Question

How much of a 60% saline solution would you need to add to pure water to create 10 L of a 50% saline solution ?

Answer 1

so say, we add "x" of the 60% saline solution, now, how much salt is in that solution? now 60% is salt but the rest is something else, but only salt is 60% of "x", or (60/100) * x, or 0.6x.

likewise, for the 10 Liters, if only 50% is salt, then is just (50/100) * 10 or 5.

now... let's check the water whilst we add "y" amount, the water has no salt at all, freshwater for that matter, so, salinity is 0%. or (0/100) * y or 0.

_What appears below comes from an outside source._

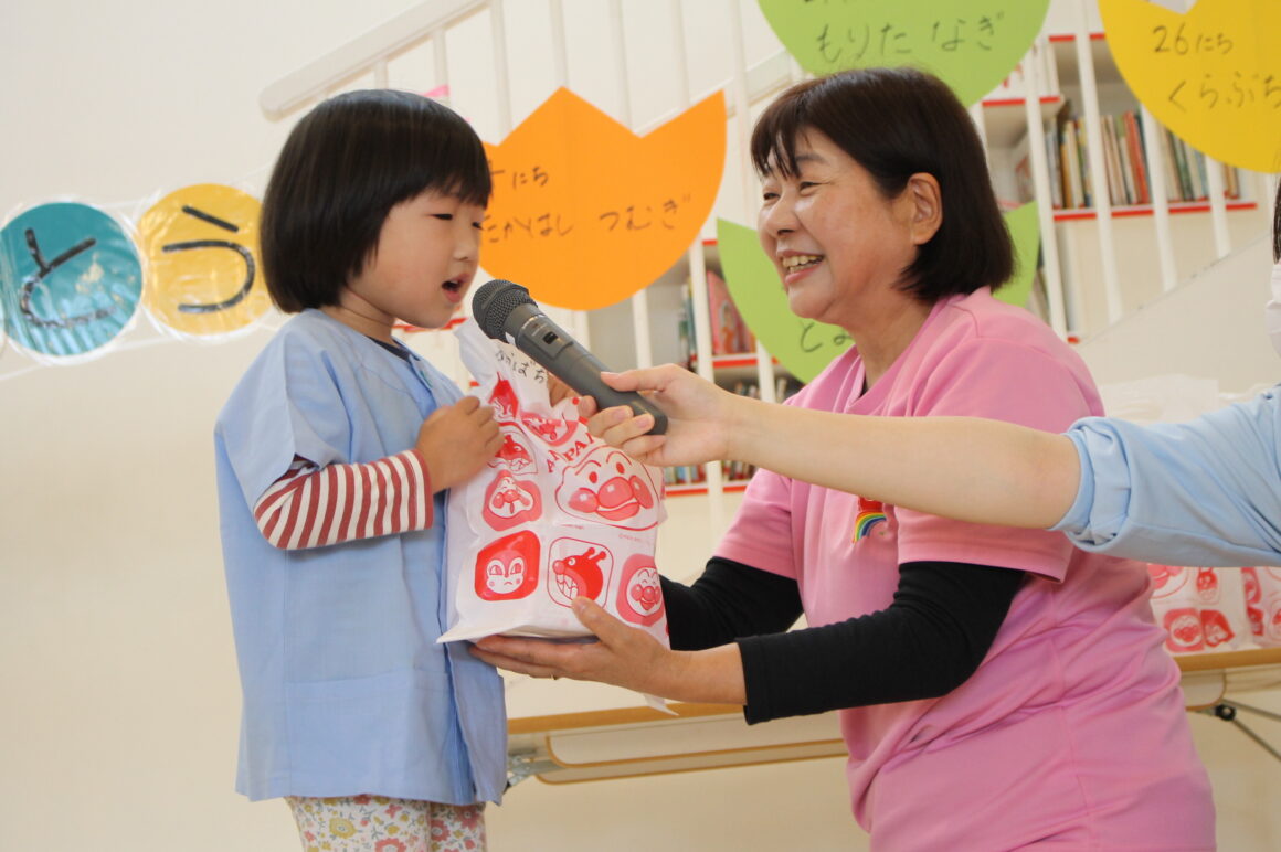 2月のお誕生日会を13日に行いました。 お誕生日のお友だちは元気に登場してくれました(^^) 一人ずつ園長先…

`\bf \begin{array}{lccclll} &\stackrel{liters}{amount}&\stackrel{\textit{\% of salt}}{quantity}&\stackrel{\textit{total salt}}{quantity}\\ &------&------&------\\ \textit{60\% sol'n}&x&0.60&0.6x\\ \textit{pure water}&y&0.00&0y\\ ------&------&------&------\\ mixture&10&0.50&5 \end{array}`


`\bf \begin{cases} x+y=10\\ 0.6x+0y=5 \end{cases} \\\\\\ 0.6x=5\implies x=\cfrac{5}{0.6}\implies x=\cfrac{25}{3}\implies x=8(1)/(3)`